The Socialist frontrunner in the upcoming French presidential election would shake up European politics with his insistence that growth take precedence over austerity, writes MoneyShow.com senior editor Igor Greenwald.
The best and possibly last hope for saving Europe from its self-defeating policies is a career politician who’s never held power, and whose economic prescriptions veer so far left they give some traders nightmares.
All that Francois Hollande has to do to overturn the establishment’s thoroughly rotten apple cart is to maintain his standing with French voters for another 2 1/2 weeks. That would transform him from an upstart Socialist challenger into the president of France. And at that point, austerity’s days will be numbered.
Hollande is narrowly favored to nip incumbent Nicolas Sarkozy in Sunday’s preliminary round, which will narrow the presidential field from ten to two. He’s also consistently led polls matching them head-to-head ahead of the May 6 runoff.
Hollande’s promised to jack up taxes on the rich, roll back a hike in retirement age, and hire thousands of teachers. He’s called for heavier regulation of banks and markets, having labeled the financial system his “real adversary.” He’s also pledged to promote economic growth at the expense of the current austerity push.
This is not a program that sits well with German Chancellor Angela Merkel, who’s already endorsed Sarkozy’s re-election. Nor would it be easy to execute while France’s currency and monetary policy remain under control of the European Central Bank. Traders would almost certainly sell French government bonds in response to fiscal laxity, pushing up borrowing costs.
Austerity has been no help at all to the holders of Greek, Irish, Portuguese, and Spanish bonds. And yet the alternative of underwriting big deficits without actual or implied guarantees from countries in the prosperous European north plainly terrifies.
Still, this is another case where a little turmoil now is better than a cataclysm later, which is where Europe is currently headed as it pushes its weaker economies one by one into depression.
Hollande is the only European politician saying as much with the near-term prospect of achieving the power to change course. Of the other four big European powers, Germany, the UK, and Spain are run by conservatives committed to austerity, and Italy is managed by technocrats in their thrall.
That would change the day after Hollande’s election. He’s already promised to renegotiate the recent European treaty, pushed by Germany, mandating strict deficit limits during economic downturns, when budget cuts are in fact most harmful. Hollande has also demanded new powers for the ECB, though good luck wringing those out of Merkel.
More usefully, Hollande would immediately deprive Germany of important political cover. With France on board, austerity can be sold as a European choice. Without it, it becomes the pet cause of Germany and a few of its northern European satellites, all of whom have disproportionately benefited from the single currency at the expense of the countries now getting squeezed dry.
Few politicians in the north are eager to tell voters the uncomfortable truth that their prosperity has been built at the expense of their neighbors and allies, who are only now paying the price because the trade imbalances can no longer be propped up via heavy borrowing and real-estate speculation.

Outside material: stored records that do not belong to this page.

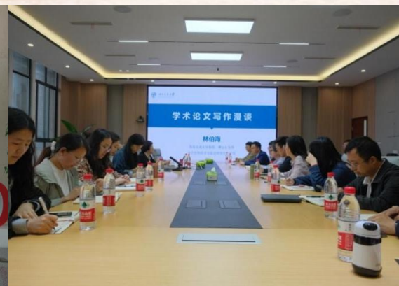
学术论文写作漫谈
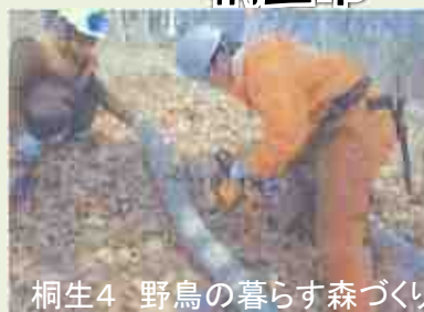
桐生4 野鳥の暮らす森づくり
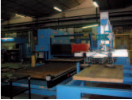
Láser clase IV tipo CO 2 de corte de materiales metálicos de espesores entre 1 y 20 milímetros, en industria del sector metal-mecánico.

► Procesos de ensayo y control , para aplicaciones de investigación y desarrollo, en la cámara de combustión de motores de cuatro tiempos para estudio del quemado de la llama.
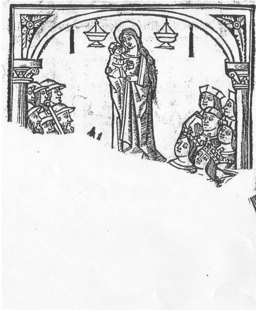
Inicio del Manual

Empieza el tratado con un problema resuelto por la regla de las dos falsas posiciones, pero en el segundo, el autor nos plantea acertadamente, que aunque dicho problema podría ser resuelto como el anterior por la regla de dos falsas posiciones, nos afirma que también se puede hacer por la regla de tres, muy fácil y sotilmente . A lo largo de los siguientes ejercicios desarrollados en este último tratado, el autor nos confirma que el análisis del problema es vital para su pronta solución y demuestra que no siempre el método convencional es el mejor para resolverlo. Hace alarde de la facilidad con que podemos llegar al resultado utilizando en cada caso el procedimiento idóneo para su solución.
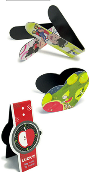
Magnetfolie mit laminiertem Papier
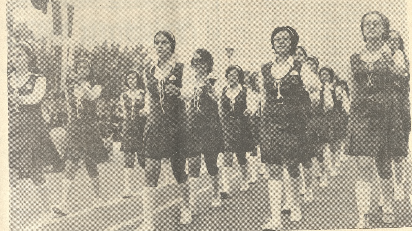
Μαθήτριά του Γ' Γυμνασίου Θηλέων Ἡρακλείου με ὁμοιομόρφους στολάς καὶ ὠραῖον παράστημα παρελαύνουσα πρό τῶν ἐπισημῶν.
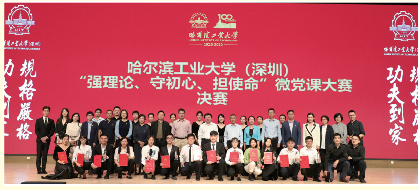
▲哈工大(深圳)“强理论、守初心、担使命”微党课大赛决赛

如何更好地将高水平党组织优势落实为学校高质量发展成效?哈工大(深圳)落实新时代好干部标准，选精配强中层干部。学校通过组织党员干部参加专题学习培训、赴企业实地调研等举措，对党员干部加强源头培养、跟踪培养、全程培养，不断提高其贯彻新发展理念、构建新发展格局的能力水平。学校既搭台子又压担子，突出在急难险重任务、基层一线、脱贫攻坚

If Spain and Italy and France are to continue using the same currency as Germany, the Germans will need to make a heroic effort to spend the savings of which they’re so proud, since they’re no longer willing to recycle them to the European importers of their products.
With money fleeing banks on the European periphery for Germany and Switzerland, it won’t be long before Germany’s European trade falters. Hollande has already argued that austerity doesn’t serve German interests either, and he could pay Merkel back for her endorsement of Sarkozy by making that case over and over again ahead of a German election due next year.
This is not how European politics work, of course. France and Germany have been politically inseparable for 60 years, and would almost certainly try to paper over the wide rift between Merkel and Hollande if the latter won. But the Frenchman has been so blunt in his campaign that there’s only so much backtracking he could do without appearing to capitulate. And he’d be unlikely to give much ground in the aftermath of an election victory.
All the pressure would be on Merkel and austerity’s other proponents to explain why the policy has been such a failure to date, and when it might finally bear fruit. And as the days of economic and political reckoning nears, they might even decide that it’s a policy worth diluting here and there.
So Hollande, the “ordinary guy” the markets have grown to fear, could yet prove their savior if he gets Europe off the wrong track economically.
The first rule for getting out of the hole is to stop digging. If Hollande gets elected, it will be for that reason and no other.